As a landscape architect providing services through her company Flora, Schweitzer was able to plant new trees in the newly bare patches that spring, but found her neighbors were unable to do so. She appreciated the help she received from others after the storm so much that she wanted to keep paying it; Regarding how to do that, she thought, “I can plant trees. Let’s try to raise some money and plant trees for the people who lost them.”

The end result of this thought is the New Roots Music Festival and Tornado Fundraiser on Sunday, July 16 from 4-7pm at the Wellman Bandshell. Bad Angle Events helped Schweitzer round up the Young Ramblers, Ryne Doughty and Old Man Band for a performance, and food and drink will be available for purchase. Freewill donations will be used to purchase and plant trees on seven tornado-damaged Washington County homesteads.

“It’s really a loss that I feel deeply,” Schweitzer says of her old trees. They provided shade and wind protection, not to mention their air-purifying, carbon-storing, and anti-anxiety superpowers. “It’s almost a sadness,” she admits.

Schweitzer hopes to raise $2,000 per homestead to wholesale buy 10 shade and windbreak trees that volunteers would help plant in the fall. She made shortlists of evergreen and shade trees that would best withstand the environmental conditions they must endure, such as exposure to agricultural herbicides, deer grazing and drought. With a bit of luck, trees such as white pine or Norway spruce, ginkgo or river birch will have grown so far in five to ten years that they can fill the gap.

It’s easy for Schweitzer to think about trees, to organize a fundraiser, especially not. “It’s a lot more complicated than I could have ever imagined,” she says.

To make donations tax-deductible, Schweitzer has partnered with Trees Forever, an Iowa-based 501(c)3 charity that facilitates tree planting grants for communities and has established an account to receive donations.

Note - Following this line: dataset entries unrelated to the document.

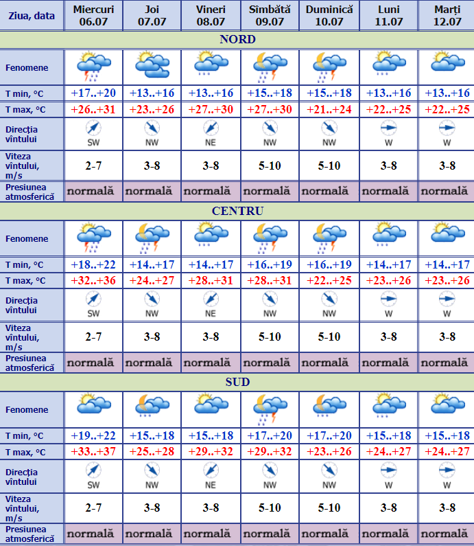 Așadar, meteorologii prognozează ploi cu descărcări electrice la nordul Republicii Moldova. Tempertura aerului va fi de 26-31 grade Celsius.
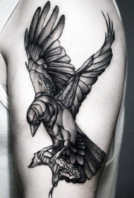 大臂点刺乌鸦抓蛇纹身图案
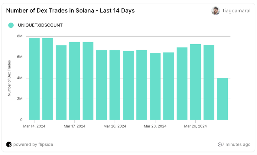 Merkittävä tapahtuma oli hajautetun pörssin (DEX ) transaktioiden ennennäkemätön päivittäinen volyymi, joka saavutti ennätykselliset 7,86 miljoonaa 14. maaliskuuta, mikä on uusi ennätys. Maaliskuun 14. päivästä lähtien Solanan DEX-kaupankäyntivolyymi ylitti jatkuvasti 6 miljoonaa transaktiota päivässä, mikä on jyrkkä kontrasti ajanjaksoon ennen joulukuuta 2023, jolloin päivittäiset transaktiovolyymit olivat korkeimmillaan 2,2 miljoonaa Solanan DEX:ssä.
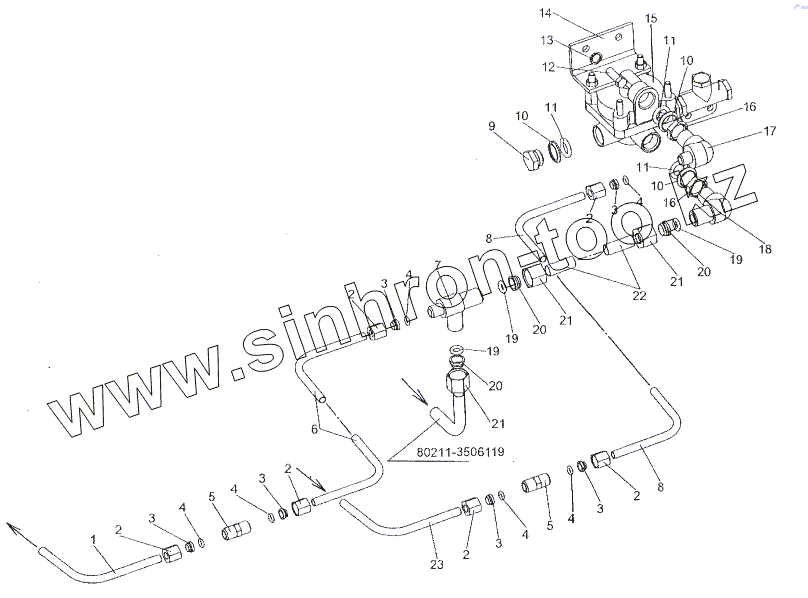 Каталог запасных частей к технике: МЗКТ-80211. Установка клапана ускорительного стояночного тормоза
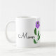Esta caneca possui um design limpo e elegante. A estrela desta design é este caule floral verde e folhas com uma delicada flor púrpura. Há uma fonte leve e clara que diz "Mãe". Você pode personalizar esta caneca com outro título ou nome.
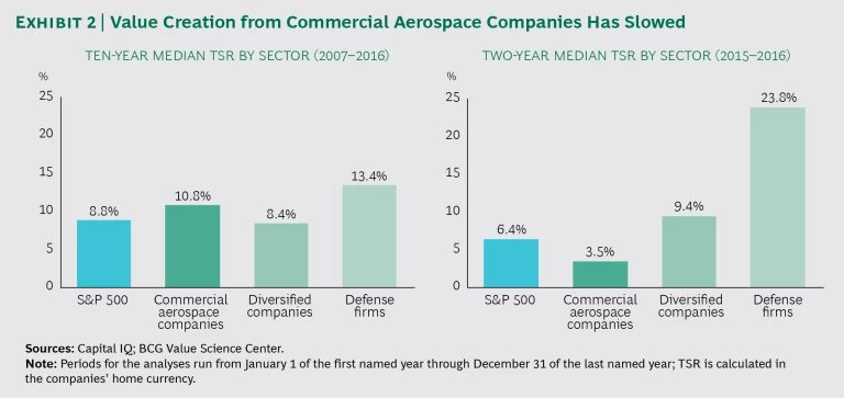 In the 2015 analysis, however, which looked at performance through the end of 2014, commercial aerospace contributed significantly to overall value creation for the A&D industry. Over the two years since then, the commercial sector has created less value, owing in large part to investor expectations of slowing growth. Commercial OEMs are working through record-high order backlogs, and both Boeing and Airbus have increased production rates for key platforms (the B737 and A320 families, respectively). Orders for new aircraft continue to come in, but investors see this growth slowing and are giving these companies’ stocks lower valuation multiples. As a result, the median TSR performance for commercial aerospace companies declined over the two-year period of 2015 through 2016, to 3.5%—a significant drop from the TSR of 11.5% for the period from 2007 through 2014.
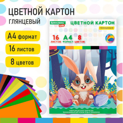 Картон цветной А4 МЕЛОВАННЫЙ, 16 листов, 8 цветов, в папке, BRAUBERG KIDS, 200х290 мм, "Зайчик", 115159
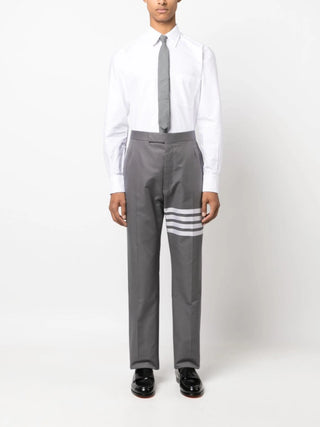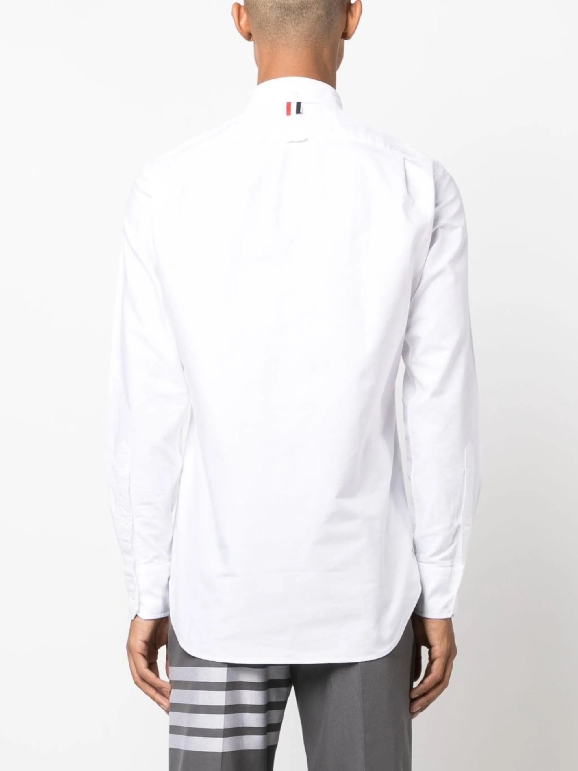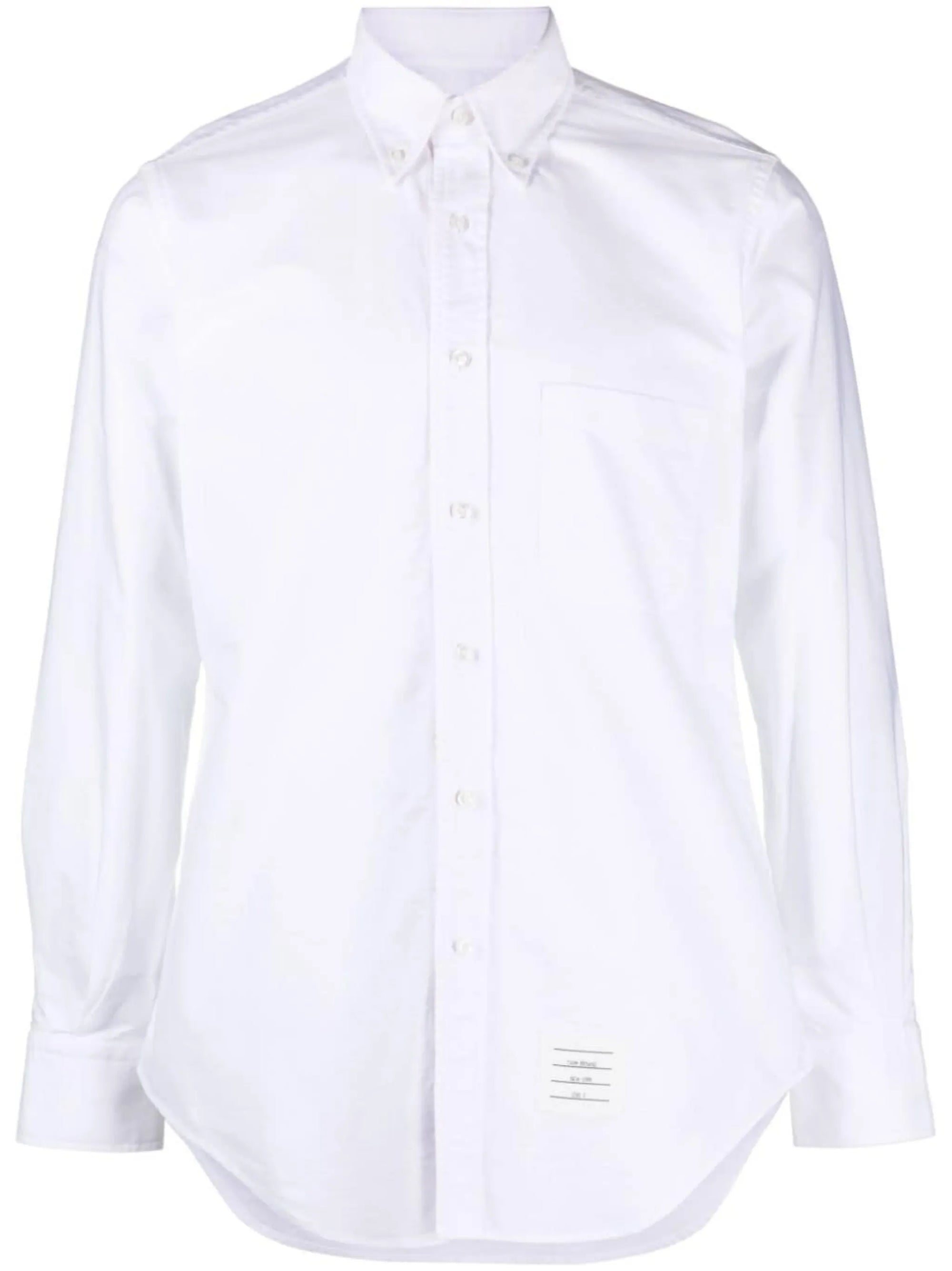 Thom Browne's affinity for sleek silhouettes is captured in the clean lines of this plain white shirt. Crafted from cotton, it is simply detailed with a white logo patch at the hem for a branded touch.
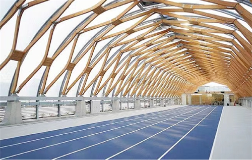 新豐洲跑步館是日本第一家使用ETFE薄膜的體育場館,與其搭配的結(jié)構(gòu)支撐材料除了常用的合金框架外,還使用了松木框架。這使得整個(gè)建筑有更親人的感官體驗(yàn),同時(shí)還提高建筑的輕盈感。
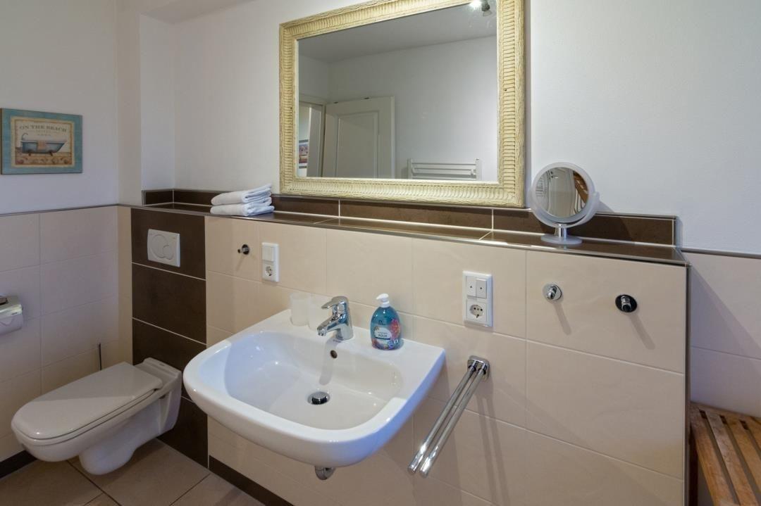 Das Badezimmer bietet eine Dusche, ein WC, einen Haartrockner, ein Waschbecken, einen Kosmetikspiegel und einen Spiegel. Es gibt ein Fenster und warmes Wasser. Im Außenbereich gibt es Gartenmöbel auf dem Balkon, Sonnenliegen und einen Windschutz. Diese umfangreiche Ausstattung sorgt für einen komfortablen und entspannten Aufenthalt in Norddeich.
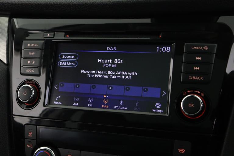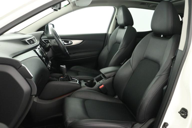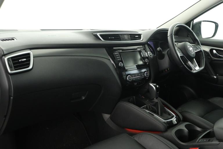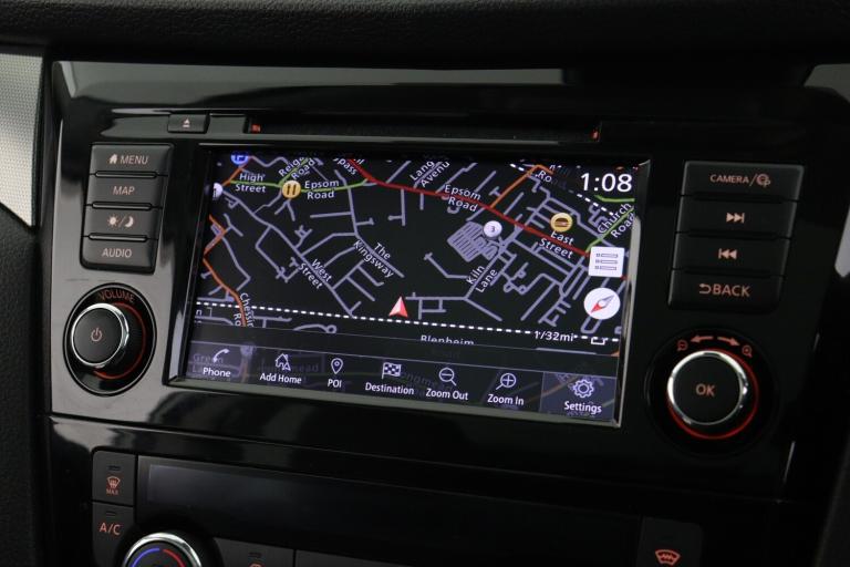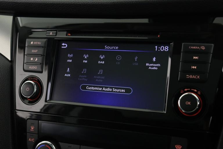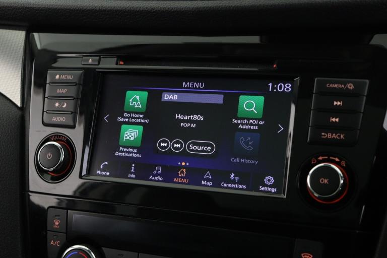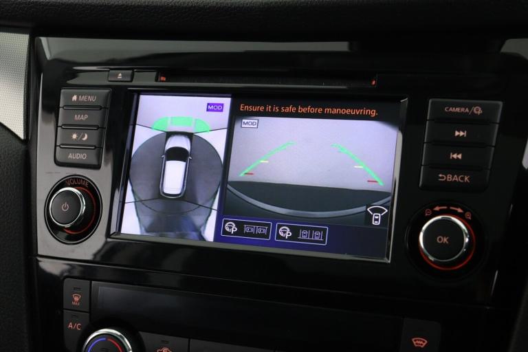 ..Advanced drive assist display 5'' TFT coloured screen, Android Auto, Apple CarPlay preparation, Bluetooth connectivity, Electric speed sensitive power steering, Front parking sensors, Intelligent around view monitor, Intelligent parking assist, Lane departure warning system, Nissan connect evo 7'' touchscreen navigation and entertainment system, Normal or sport selectable steering, Outside temperature sensor, Push button starter, Rear parking sensors, Rear view camera, Service interval indicator, Smartphone integration, Stop/start system, Tomtom connected services, Traffic sign recognition, Trip computer, Voice control system, Diesel particulate filter, Nissan chassis control (intelligent ride control, intelligent trace control, intelligent engine brake), AM/FM radio, CD audio system, Aux-in socket, Bose premium 8 speaker system, DAB Digital radio, Rear USB connection, Steering wheel mounted audio controls, USB port, Anti dazzle rear view mirror, Auto wipers, Body colour bumpers, Body coloured door handles, Body coloured door mirrors, Chrome window surround, Daytime running lights dip function when turn signal applied, Electric folding door mirrors, Electric front and rear windows with one touch illuminated window controls, Electric front/rear windows, Electrically adjustable door mirrors, Front fog lights, Halogen headlights, Heated door mirrors, High beam assist, Intelligent auto headlights, LED indicators in door mirrors, Matt silver roof rails, One touch 4x auto windows with illuminated switches, Panoramic sunroof with one touch shade, Privacy glass, Rear roof spoiler, Rear wiper with reverse link, Shark fin antenna, Underbody vortex generators, 2 X front 12v power sockets, 3 height adjustable rear headrests, 60/40 split folding rear seat, Ambient lighting, Ambient lighting in centre console, Boot lighting, Centre console storage box/armrest, Chrome interior door handles, Configurable luggage board system, Dual zone climate control, Electrically adjustable driver seat, Front and rear door pockets with bottle holders, Front and rear seat belt pre-tensioners with load limiters, Height adjustable front headrests, Individual rear seat reading lights, ISOFIX restraints on outer rear seats x2, Leather D shaped steering wheel, Leather gear lever, Leather knee pad, Manual height adjustable front passenger seat, Manual lumbar support on driver seat, Manual lumbar support on passenger seat, Monoform front seats with plastic backboard, One touch electric
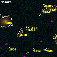 Object #2369 x,y = (1902, 2784) RA, Dec = (01:37:27.552, -8:27:04.68) = (24.36480, -8.45130) BPZ = 1.153 [0.391--3.312] type = 9.40 (SB2_B10 - SB3_B10) chisq2 = 1.38 ODDS = 0.09 z_cluster = 0.566
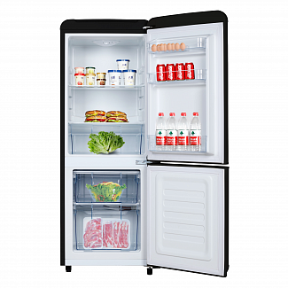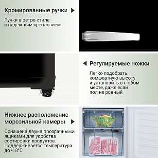 Несмотря на компактные габариты, ретро – холодильник оснащен полноценной морозильной камерой, в которой поддерживается температура до -18°С. Эргономичный дизайн внутреннего пространства помогает с комфортом расположить еду и напитки.
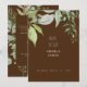 Vattenfärgad eukalyptus. . Enkelt. Inbjudningskort för möhippan. Chocolate Brown.
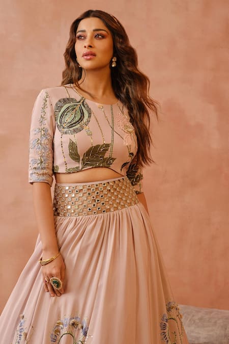 Pink Crepe, Muslin Cut Work, Beads, Gota Patti, Niloufar Print Lehenga Set

From there, the funds will be sent to Wellman Rotary, who has fundraising experience and will distribute the funds.

To identify families who could use tree replacement help, Schweitzer reached out to Marissa Reisen, the Washington County emergency management coordinator, who reached out to those with tornado-damaged properties.

It is interesting to note that most home and farm insurance policies do not cover the cost of removing or replacing trees. It costs thousands of dollars to plant a few new trees and tens of thousands of dollars to use excavators and bulldozers to clean up trees downed by a storm.

As Schweitzer recognizes, it means a lot when a community helps rebuild after a disaster.

“People were [generous] with their time to help us clean up. We had a lot of people out there to help us walk the fields and clean up the yard,” says Schweitzer. “We just feel like we want to return the favor in some way.”

If you are unable to attend the New Roots Music Festival and Tornado fundraiser on Sunday, July 16 from 4-7pm at the Wellman Band, you can donate to secure.givelively.org or send checks to Trees Forever, 80 W 8th Ave., Marion, IA 52302 (also list Washington County Tornado Tree Restoration in the note line).